DATA EXCERPT
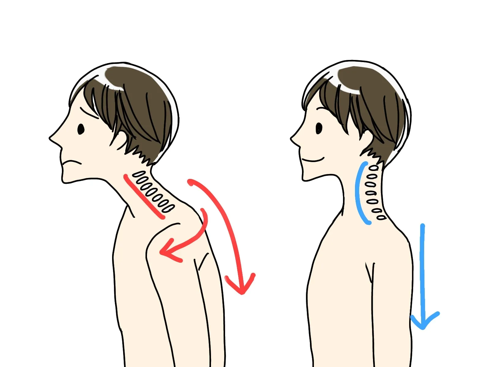 重い荷物を腕を曲げて持ち続けているようなもので、当然筋肉は悲鳴を上げ、血流が悪くなり、こり固まってしまいます。
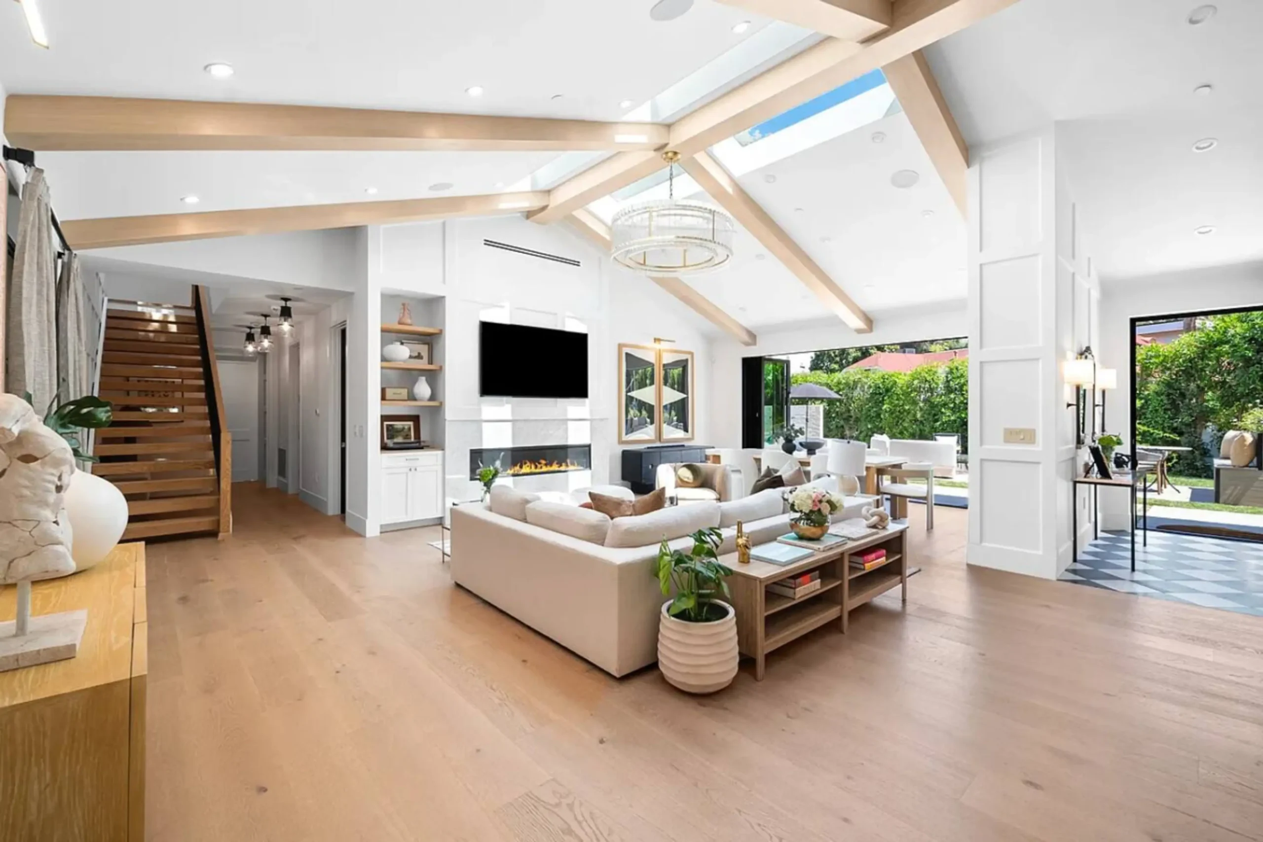 Step inside to an expansive open-concept living area with soaring high ceilings, white oak floors, and meticulously crafted Italian cabinetry. The state-of-the-art kitchen features porcelain countertops, high-end appliances, and elegant finishes, making it a chef’s dream while seamlessly flowing into the spacious living and dining areas. Gather around the stunning marble fireplace, a centerpiece of warmth and comfort, ideal for sharing stories and creating lasting memories.
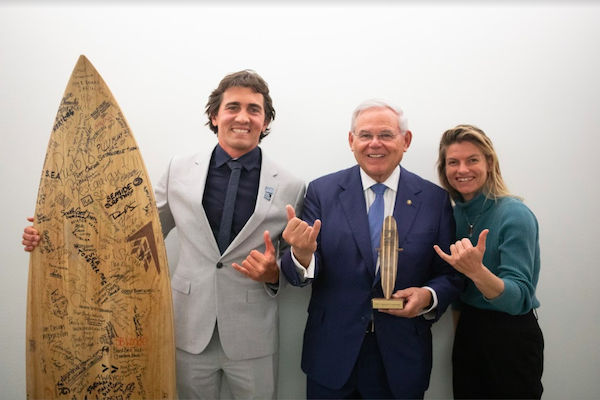 Surfrider also organized an industry reception in the Dirksen Senate Building to highlight the impact of climate change on coastal recreation across the United States. Speakers included Surfrider CEO Dr. Chad Nelsen, Surf Ambassadors Leah Dawson and Greg Long, and BAPPC Founder Vipe Desai. As part of the reception, Surfrider honored Senator Bob Menendez (NJ) and Congressman Francis Rooney (FL) for outstanding legislative leadership to address climate change and protect our coastal waters.

WORK INSTRUCTIONS
The reply should consist only of the lines from the top of the material above through the line with "Step inside to", printed exactly, pictures omitted.

FINAL ANSWER
 重い荷物を腕を曲げて持ち続けているようなもので、当然筋肉は悲鳴を上げ、血流が悪くなり、こり固まってしまいます。
 Step inside to an expansive open-concept living area with soaring high ceilings, white oak floors, and meticulously crafted Italian cabinetry. The state-of-the-art kitchen features porcelain countertops, high-end appliances, and elegant finishes, making it a chef’s dream while seamlessly flowing into the spacious living and dining areas. Gather around the stunning marble fireplace, a centerpiece of warmth and comfort, ideal for sharing stories and creating lasting memories.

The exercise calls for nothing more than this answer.